Too many people never saw Torah’s beauty. Allison Josephs helps them discover it
Allison Josephs launched Jew in the City and its initiative, Project Makom, an outreach organization that works to reverse negative associations of frum Jews.
More than gefilte fish
I was raised as a proud secular Jew. I didn’t know any frum Jews personally; all I knew about them were the rumors that swirled around society and what I saw in the headlines or on TV. I thought frum Jews were backward — misogynistic, fanatic, stuck in the past. I was proud to be part of Klal Yisrael but thought that observant Jews took it too far.

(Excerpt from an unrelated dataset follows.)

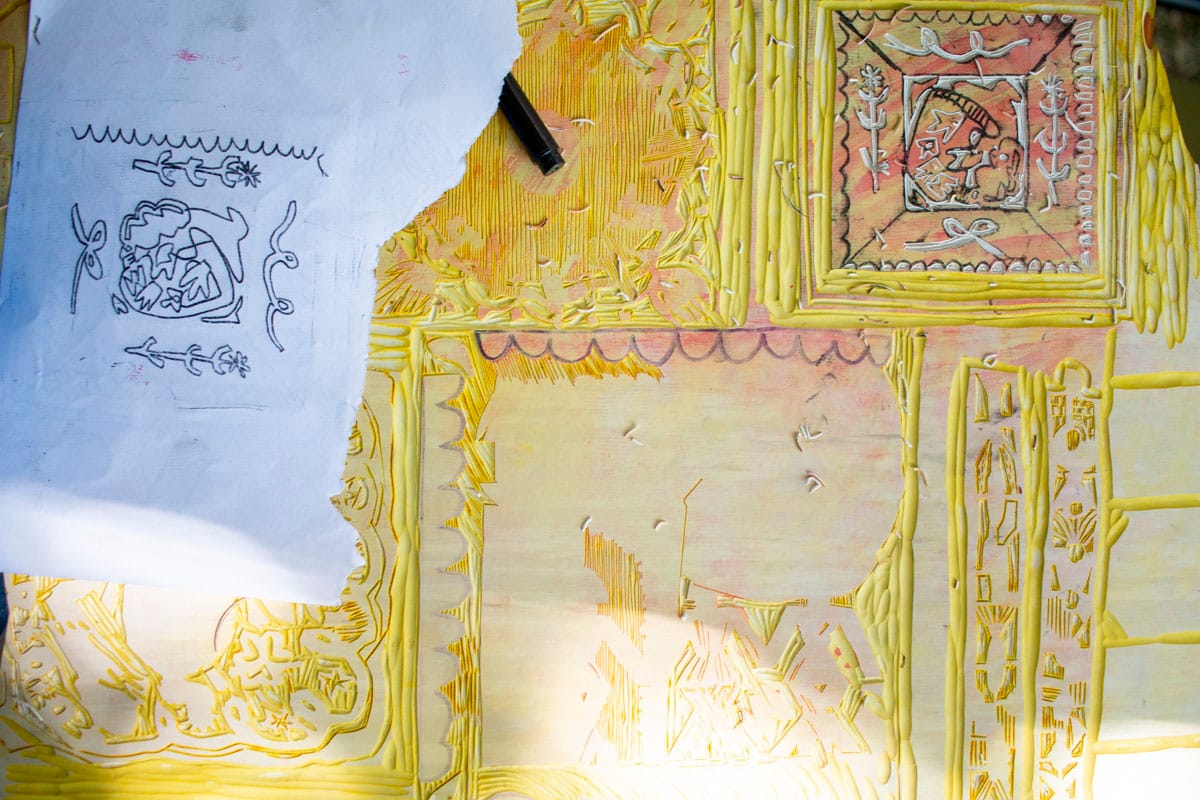 A rezidencia korlátozott ideje miatt kisebb formátumban dolgozik, mint általában. „Otthon a fő művem 120x100 centiméter, ami három hét munkája volt, itt viszont csak tíz nap áll rendelkezésemre. Ezért kisebb méretben készítem el a darabot, redukciós linómetszet technikával, ami rétegenként csökkenti a linóleumot.” Már az első réteg kinyomtatásánál tart, és folytatja a vágást és a nyomtatást.
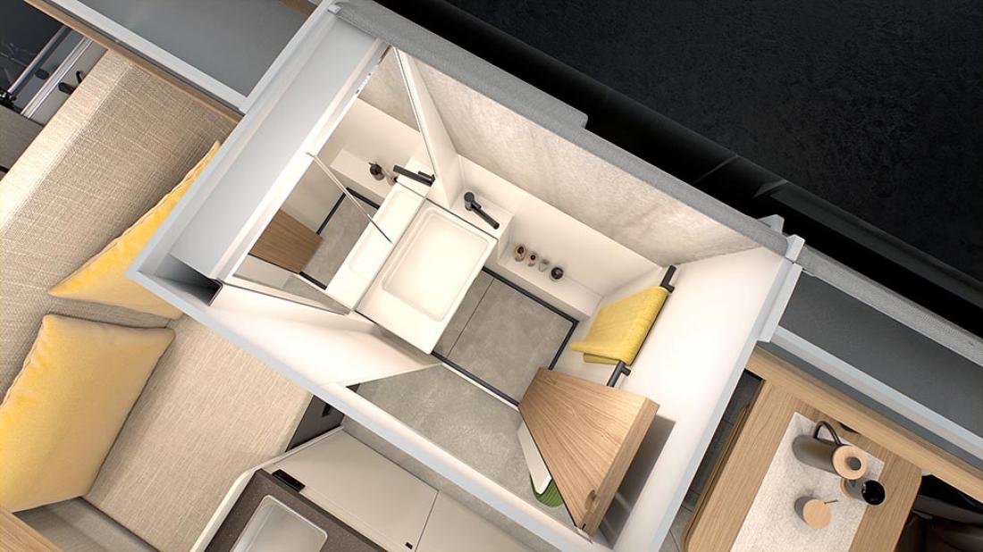 Retter seg mot det lojale segmentet av halvintegrerte bobileiere, og tilbyr maksimal fleksibilitet. Patentert 90-graders roterbar sofa, et uttrekkbart sidebord mellom kjøkken og soverom, stor 143-liters kompressorkjøleskuff, og kjøkkenløsning med to uttrekkbare seksjoner. Et senkesengalternativ forsvinner nesten usynlig opp i taket. Filtoverflater og det samme dekor- og tekstilutvalget som i Habiton gir stor individuell frihet, selv om planløsningen kun tilbys med enkeltsenger eller frittstående dobbeltseng.

When I was eight, there was a kid in my school who was murdered by her father — the man went crazy and killed himself and his two children. My parents had raised my two sisters and me in a very happy home with lots of privileges. But when this triple murder occurred, I realized that nothing I’m doing matters, everything will be gone one day. What was the point of it all?
So there I was, eight years old, launched into an existential crisis. I had no idea there was any wisdom in my heritage — all I knew about was Jewish humor and gefilte fish. I knew there had to be some purpose in life, but had no idea what it was.
My parent told us that if we dated a non-Jew they’d sit shivah, but we’d eat bacon cheeseburgers. We had to marry a Jew because of the Holocaust, the pogroms… and if my mother got on a roll, she’d mention the Inquisition too. We knew the Jewish people had to go on. But we didn’t know why.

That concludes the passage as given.